By using this model, it is possible to estimate Kappa numbers at different positions in the digester, which can also be used as a soft sensor. Moreover, the yield at the blow-line was defined as the ratio between the amount of wood solid components at the blow-line and the amount of wood solid components at the digester inlet.

$$\gamma =\frac{{{\displaystyle \sum }}_{i=1}^5{X}_{s,i}\left(blow line\right)}{{{\displaystyle \sum }}_{i=1}^5{X}_{s,i}\left(digester inlet\right)}.$$

(8)

To implement the model in OpenModelica, a generalized CSTR segment was created with all the required mathematical equations. Additional components such as mixtures, heat exchangers and connectors are also created. All the digester zones, i.e., impregnation, heating, cooking, extraction and washing zones were formed by connecting CSTRs in series. Eventually, each of the zones, mixtures and heat exchangers were connected together to form the complete digester model (Figure 3).

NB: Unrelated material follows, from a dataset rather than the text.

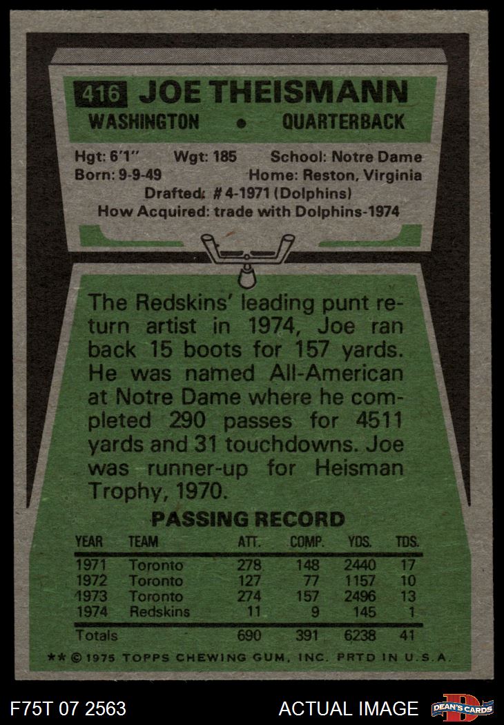 1975 Topps #416 Joe Theismann

The modeling library was built as a generic library so that different pulp digesters can be modeled by connecting different components together.

The model inputs are the flow rate and temperature of the wood chip, flow rates and temperatures of the different liquor streams (i.e., white liquor and black liquor inflows at the digester top, upper and lower heating circulations, wash circulation and wash inflows), EA and sulfidity of white liquor and blow-line flow. On the contrary, the model outputs are the predicted Kappa number and yield at the blow-line, flow rate, temperature and RA at the extraction point, liquor temperatures before the heat exchangers and the retention time of the digester.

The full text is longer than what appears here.